Kollyva

A Delicious Place is a placemaking activity composed of a series of actions that were hosted at the Pame Kaimakli 2020 festival in Nicosia. The festival’s main theme revolved around the topic of food as a socio-cultural, artistic and placemaking activity. Overall the festival*, initiated two, two-month long workshops, three theatrical performances, two film screenings, two ethnographic audiovisual projects, a series of open-air dinners, neighborhood walks and a pop up short documentary festival around the role of food in the placemaking process.

Three video documentaries were produced as part of the A Delicious place’s Festival actions documenting community stories in relation to the topic of food.

One of the video documentaries, records the making of the local Cypriot dish kollyva and projects this story in parallel with a comical performance written by award winning writer Costas Mannouris and performed by the well known actress Popi Avraam. 

Kollyva is a dish made liturgically in the Eastern Orthodox Church and offered in the memory of the dead. There are different versions of the kollyva recipe but the principal ingredients is boiled wheat kernels, sesame seeds, almonds, ground walnuts, cinnamon, sugar, pomegranate seeds, raisins, and anise. The kollyva are offered in honour of the deceased after Sunday’s mass amongst those attending, and also distributed to relatives or friends of the deceased. 
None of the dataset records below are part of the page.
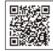
みやざき観光情報 「旬ナビ」
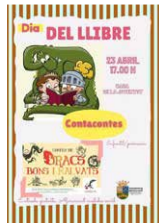
Cartell promocional / EPDA
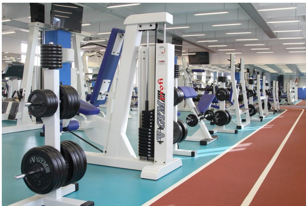
Slika 4: Teretana „GoFit“– interijer
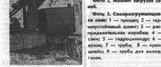
Гидравлическая система состоит из гидромотора от погрузчика-бульдозера ПБ-35 или РУ-06 и маслоподводящих трубок. Работает она от гидростанции трактора. Система обогрева проста. Горючий газ поступает в специальную трубу отбора, крепящуюся при помощи фланца к выхлопной трубе трактора, проходя через распределительную коробку в моечное пространство кузова и выходя через трубу (9). При разгрузке сани распределяется коробка разъединяется. Подогрев обеспечивает надежную работу сани в самых низких температурах.

Уборка навоза из животноводческих помещений и транспортировка его к месту хранения в совхозе «Комсомольский» организована следующим образом. Сдвинутой скотомойкой перемещается по желобу в железобетонный транспортер и подается в ковш-накопитель скипперного подъемника. В установленное время (утром и вечером) производится разгрузка. Для этого тракторист устанавливает сани под стрелой ковша (фото 2) и включает его привод. Предварительно поднимает клапанные ворота, тележка с ковшом доходит до упора, установленного в конце стрелы, останавливается, а ковш, освобожденный от зацепки, опускается вниз. При этом тележка фиксируется в верхнем положении специальным автоматом. После выгрузки включают обратный ход. Затем тракторист подает сани к следующему скипперу, и таким образом, за один рейс опорожняет три ковша, обслуживая 600 голов крупного рогатого скота. Навоз вывозится на расстояние до пяти километров и складируется в отдельные штабелями. Даже там, где применяется соломенная подстилка, эти машины работают надежно. Применение такой механизации позволяет сократить затраты труда на уборку, транспортировку, хранение и вывозе в почву тонны навоза до 3,5 часового-часа, а эксплуатационные издержки — до 2,4 рубля. В. ПИСМЕЛОВ — аспирант Алтайского политехнического института. В. ЛИСИ — инженер по эксплуатации машинно-тракторного парка совхоза «Комсомольский». М. ЕЛЕНК — старший инженер крайсовхозуправления.
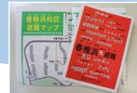
多言語表記の避難マップ

外国人住人に避難所について知ってもらうことを目的に、2019年と2020年に国際親善交流会を兼ねた防災訓練「避難所へ行こう！」を開催。訓練参加者へのアンケート結果をもとに、多言語表示の「避難所への誘導パネル」を校区9か所に設置したほか、16か国語で作成された「避難マップ」を作成するなど、外国人住民の声を取り入れた防災活動にも力を入れています。
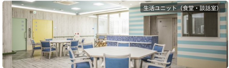
生活ユニット（食堂・談話室）
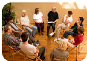
Atención psicofamiliar grupal
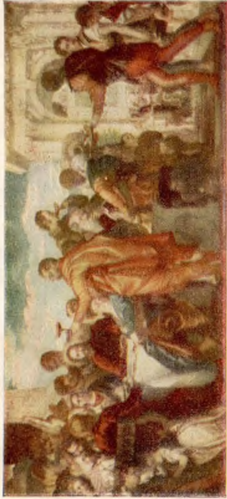
„Bruiloft te Cana“
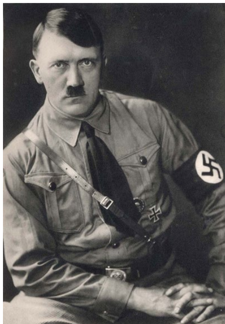
Bild på Adolf Hitler, nazisternas ledare. På ärmen syns ett hakkors som nazisterna använde som sin symbol.
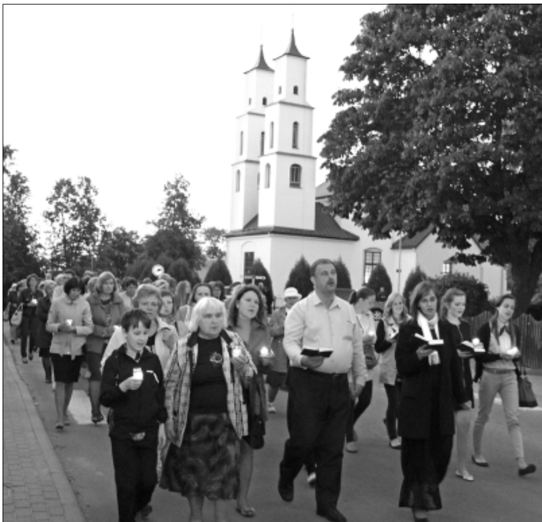
Baznīcu nakts Balvos.

Katra mēneša labākās fotogrāfijas autors saņems balvu. Fotogrāfijas var iesūtīt pa pastu – Balvi, Teātra ielā 8, LV-4501, vai elektroniski: vaduguns@apollo.lv . Pie foto obligāti norādāms vārds, uzvārds (vēlams - tālrunis).
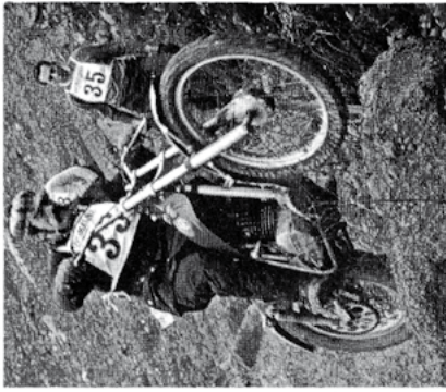
TWN-Junior Max Haueter auf Montesa.
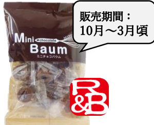
ミニチョコバウム
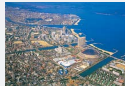
Hakata Port Seaside Momochi artificial beach 하카타항 씨사이드 모모치 인공 해변 博多港 百道海滨公园 (人工海滩)
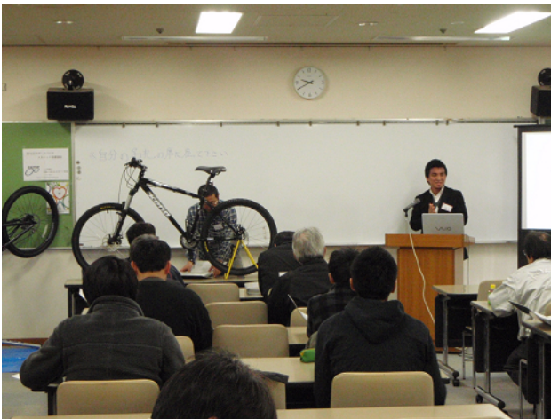
MTB 講座・サスペンション編

午後からは基礎講座恒例となった「ロードレーサー」「MTB・クロスバイク」の2コースから選ぶスポーツバイクの組立実技へと移行。今回はメンテナンス技術の幅を広げるために、あえて自分の店で専門的に取り扱っている商材以外の組立実技コースを選択する熱心な受講生もみられた。
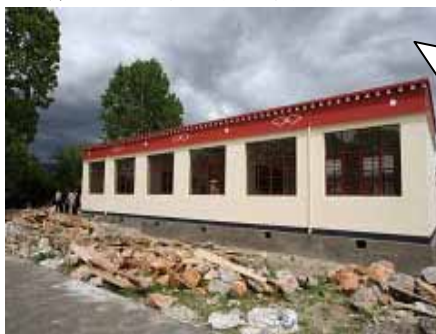
チベット族建築様式の美しい新校舎
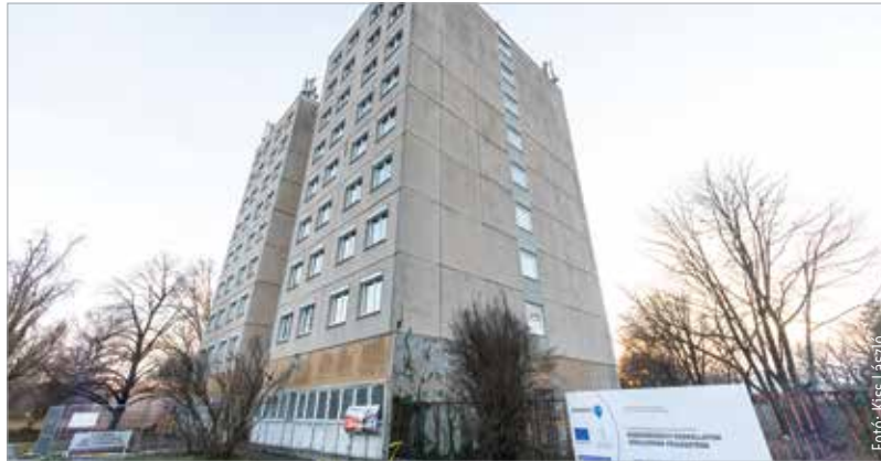
A Kikindai úti oltóponton is fel lehet venni a koronavírus elleni oltást

Az oltási akció ezen a hétvégén, vagyis pénteken délután és szombaton is folytatódik: ismét előzetes időpontfoglalás nélkül lehet menni oltásra a kórházi oltópontokra és a kijelölt járásközponti szakrendelőkhöz. A központi oltópontokon továbbra is öt vakcina közül lehet választani. Az akciónapokon a tizenkét év feletti korosztályt várják az oltópontokon. Az öt és tizenegy év közötti gyermekek oltása továbbra is csak előzetes időpontfoglalással lehetséges a kórházi oltópontokon vagy a házi gyermekorvosoknál. Izrael közben – elsőként a világon – elkezdte a negyedik oltást, mely az első tesztek alapján ötszörösére növeli az emberi szervezetben az antitestek

In the Kaimakli neighborhood we met Mrs. Sofia who is the kollyva maker for the neighborhood church where we could discuss more about this tradition and record the making of the dish. 

The macabre topic of kollyva is also the main source of inspiration  for local writer Costas Manouris to write his play Mpoukia kai Sygxorio which was performed in the Pame Kaimakli festival. The play  follows the life of Aleka Kanta, a kolyva boutique owner who attempts to redefine the sacred tradition. 

This brilliant performance presents a humorous take on Cyprus’ local food and culture, using the tradition of kollyva as a departing point for talking about lots of cultural taboos!